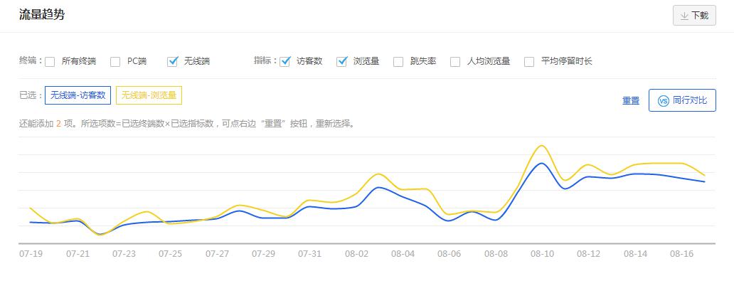 首先我们打开生意参谋,然后在流量面板里面的流量概况可以看到一个流量趋势,而在流量趋势面板里面我们可以看到无线端的一个浏览量和访客数上升和下滑的趋势,然后我们可以根据这个上升和下滑的趋势,并注意是什么时候下滑的。
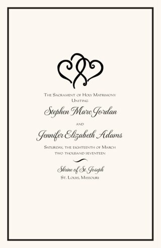 Our Linked Hearts wedding programs are a unique and romantic way to walk your guests through your marriage ceremony. Order just the program covers, or send us the information for the interior and let us know design it for you. Generally speaking, you will list the wedding party and the order of service on your program, as well as a thank you note. But you can include any information that you would like!
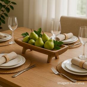 Dimensões Medidas Produto: Altura:12cm Largura:52,5cm Comprimento:16,5cm Contém: 1 Centro de Mesa Cor: Marrom Material: Madeira Peso: 350g
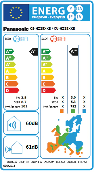| Energiklasse A=(lavt forbrug) G=(Højt forbrug) Varme | A+++ |
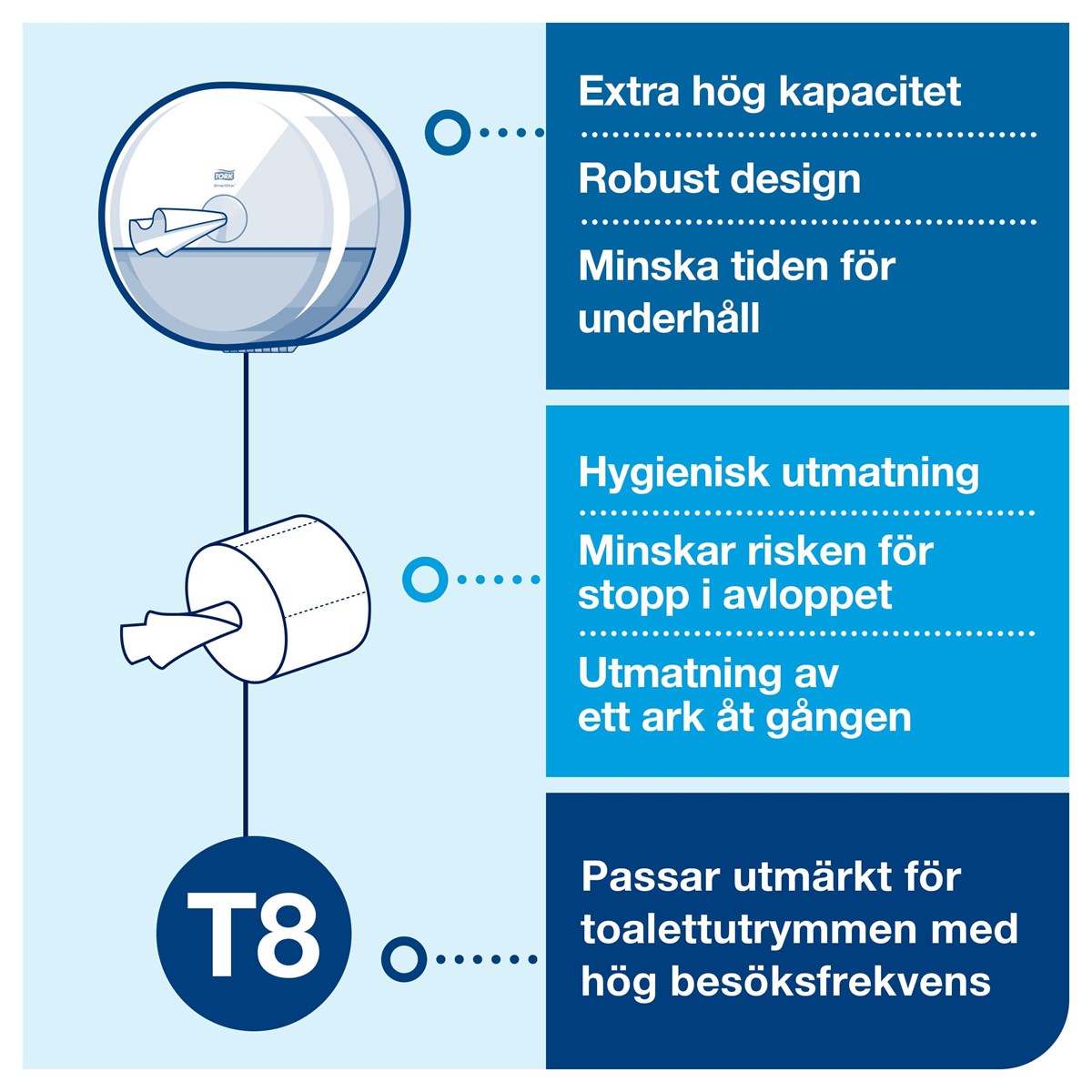 Hög kapacitet och mindre avfall för minskat underhåll Utmatning av ett ark i taget minskar förbrukningen Bidrar till förbättrad hygien då gästerna endast vidrör vad de tar för sig Låsfunktion som skyddar rullarna Perfekt för välbesökta toalettutrymmen
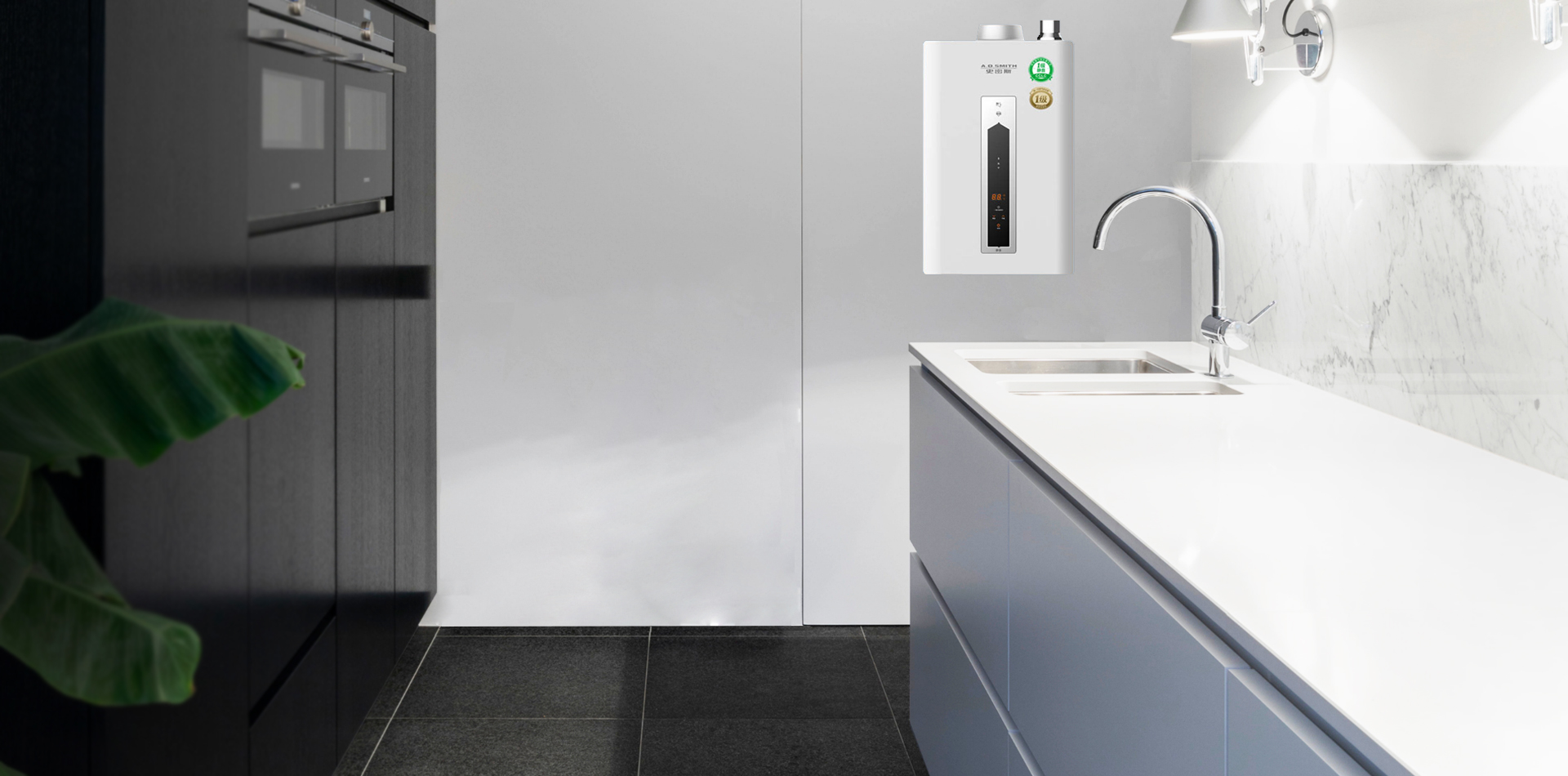 位于室外管道井內(nèi),巧妙利用空間,選用了A.O.史密斯EES-40B型落地式家庭中央熱水器新一代全產(chǎn)權、

=-=-=-=-=

Exercise.
Reproduce exactly the lines above that run from the one with "Dimensões Medidas Produto: Altura:12cm" to the one with "Varme | A+++ |", both included, leaving pictures out.

Answer to this exercise.
 Dimensões Medidas Produto: Altura:12cm Largura:52,5cm Comprimento:16,5cm Contém: 1 Centro de Mesa Cor: Marrom Material: Madeira Peso: 350g
| Energiklasse A=(lavt forbrug) G=(Højt forbrug) Varme | A+++ |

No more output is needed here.